# Aim of the task
A word-for-word copy of the data, pictures excluded, is what this task asks for.

# Dataset excerpts
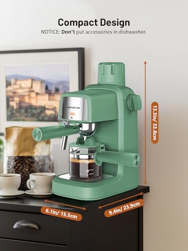 SPACE SAVING & EASY TO USE – This compact coffee maker is smaller than most. Dimensions are 13″ H x 7.7″ W x 10″ D, weight only 4.5 lbs. Fits any kitchen while maintaining key features such as heat control, bar pressure, and milk froth. BPA Free. Robust and low noise, suitable for all families. (Do not put accessories in the dishwasher)
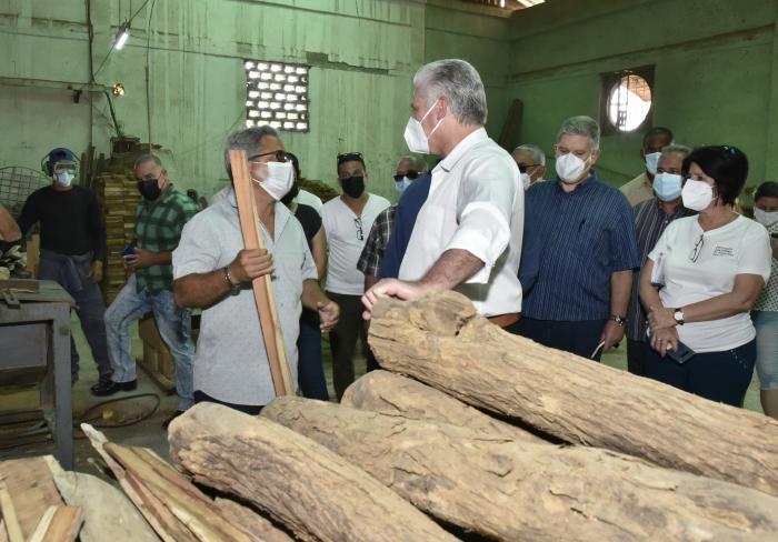 Die Nachmittagssitzung des Regierungsbesuchs begann in der Gemeinde Cotorro in den Werkstätten der Baugenossenschaft G'Obras (gegründet im Februar 2015), die sich durch die Herstellung von Mörtel aus 100 % kubanischen Rohstoffen und Holzschreinereiarbeiten aus Marabú auszeichnet.
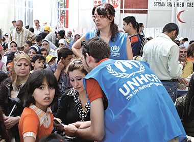 دمشق ـ لندن ـ «الشرق الأوسط» - بدأ العاملون في لجنة الهلال الأحمر السوري، امس، توزيع المعونات الغذائية التي قدمها برنامج الأغذية العالمي بالتعاون مع المفوضية العليا لغوث اللاجئين التابعة للأمم المتحدة على حوالي 34650 لاجئا عراقيا بسورية، ضمن حملة تهدف لمساعدة الحكومة السورية على تحمل عبء اللاجئين العراقيين الذين أرهقوا الاقتصاد السوري. ومن المقرر أن يتم توزيع المعونات التي تتألف من مواد غذائية مثل السكر والأرز والعدس، على حوالي 9100 عائلة عراقية بمعدل 500 عائلة كل يوم وعلى مدى 22 يوما.
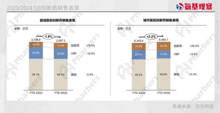 近两年,县域医院渠道创新药销售额的增长为整体市场发展注入了动力,但与城市医院相比仍存在明显差距。最新统计显示,县域医院创新药销售规模占比和增速分别为11.2%和9.5%,远低于城市医院。
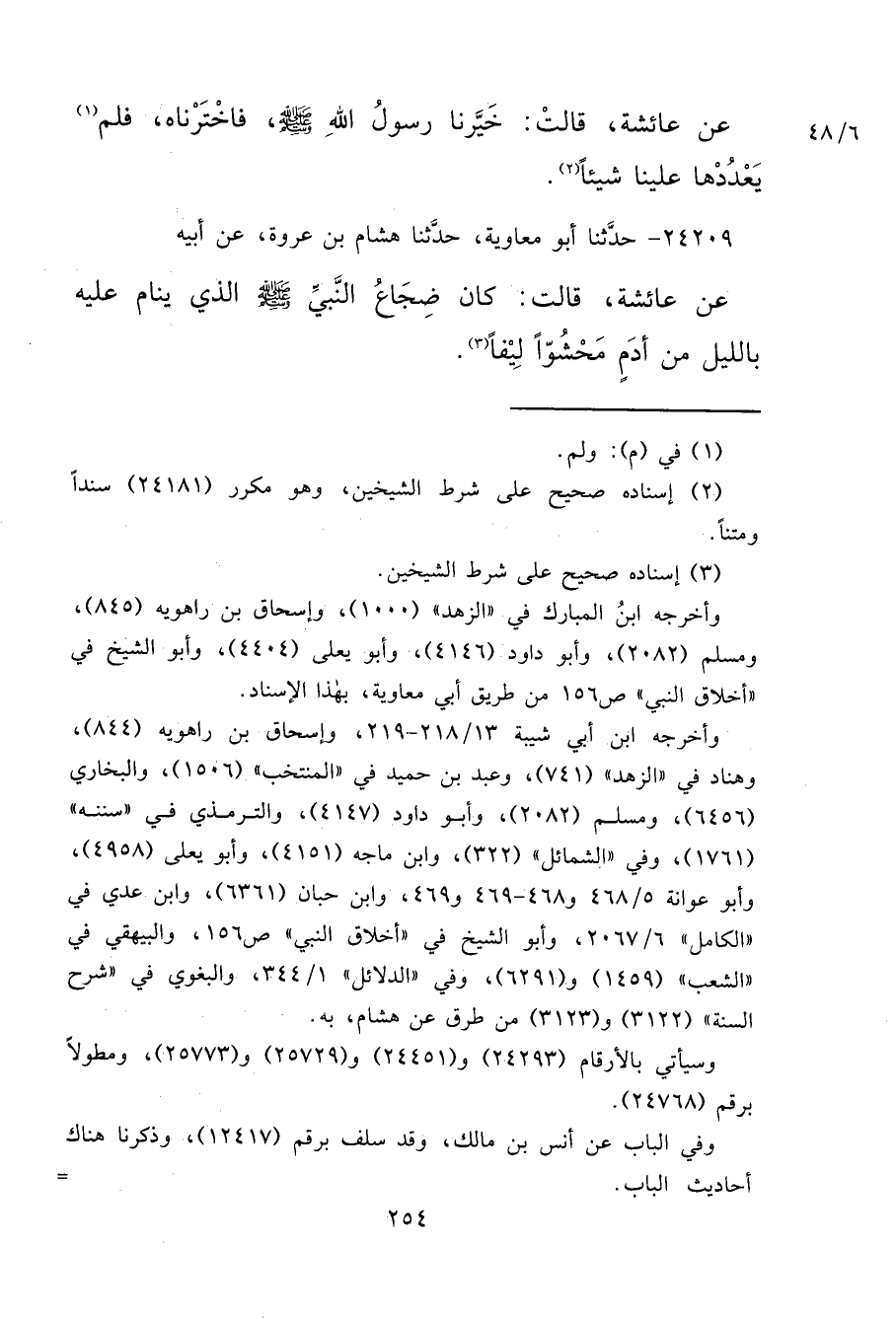 ٢٤٢٠٩ - حَدَّثَنَا أَبُو مُعَاوِيَةَ، حَدَّثَنَا هِشَامُ بْنُ عُرْوَةَ، عَنْ أَبِيهِ، عَنْ عَائِشَةَ قَالَتْ: كَانَ " ضِجَاعُ النَّبِيِّ صَلَّى اللهُ عَلَيْهِ وَسَلَّمَ الَّذِي يَنَامُ عَلَيْهِ بِاللَّيْلِ مِنْ أَدَمٍ مَحْشُوًّا لِيفًا " (٣)

# Response area
 SPACE SAVING & EASY TO USE – This compact coffee maker is smaller than most. Dimensions are 13″ H x 7.7″ W x 10″ D, weight only 4.5 lbs. Fits any kitchen while maintaining key features such as heat control, bar pressure, and milk froth. BPA Free. Robust and low noise, suitable for all families. (Do not put accessories in the dishwasher)
 Die Nachmittagssitzung des Regierungsbesuchs begann in der Gemeinde Cotorro in den Werkstätten der Baugenossenschaft G'Obras (gegründet im Februar 2015), die sich durch die Herstellung von Mörtel aus 100 % kubanischen Rohstoffen und Holzschreinereiarbeiten aus Marabú auszeichnet.
 دمشق ـ لندن ـ «الشرق الأوسط» - بدأ العاملون في لجنة الهلال الأحمر السوري، امس، توزيع المعونات الغذائية التي قدمها برنامج الأغذية العالمي بالتعاون مع المفوضية العليا لغوث اللاجئين التابعة للأمم المتحدة على حوالي 34650 لاجئا عراقيا بسورية، ضمن حملة تهدف لمساعدة الحكومة السورية على تحمل عبء اللاجئين العراقيين الذين أرهقوا الاقتصاد السوري. ومن المقرر أن يتم توزيع المعونات التي تتألف من مواد غذائية مثل السكر والأرز والعدس، على حوالي 9100 عائلة عراقية بمعدل 500 عائلة كل يوم وعلى مدى 22 يوما.
 近两年,县域医院渠道创新药销售额的增长为整体市场发展注入了动力,但与城市医院相比仍存在明显差距。最新统计显示,县域医院创新药销售规模占比和增速分别为11.2%和9.5%,远低于城市医院。
 ٢٤٢٠٩ - حَدَّثَنَا أَبُو مُعَاوِيَةَ، حَدَّثَنَا هِشَامُ بْنُ عُرْوَةَ، عَنْ أَبِيهِ، عَنْ عَائِشَةَ قَالَتْ: كَانَ " ضِجَاعُ النَّبِيِّ صَلَّى اللهُ عَلَيْهِ وَسَلَّمَ الَّذِي يَنَامُ عَلَيْهِ بِاللَّيْلِ مِنْ أَدَمٍ مَحْشُوًّا لِيفًا " (٣)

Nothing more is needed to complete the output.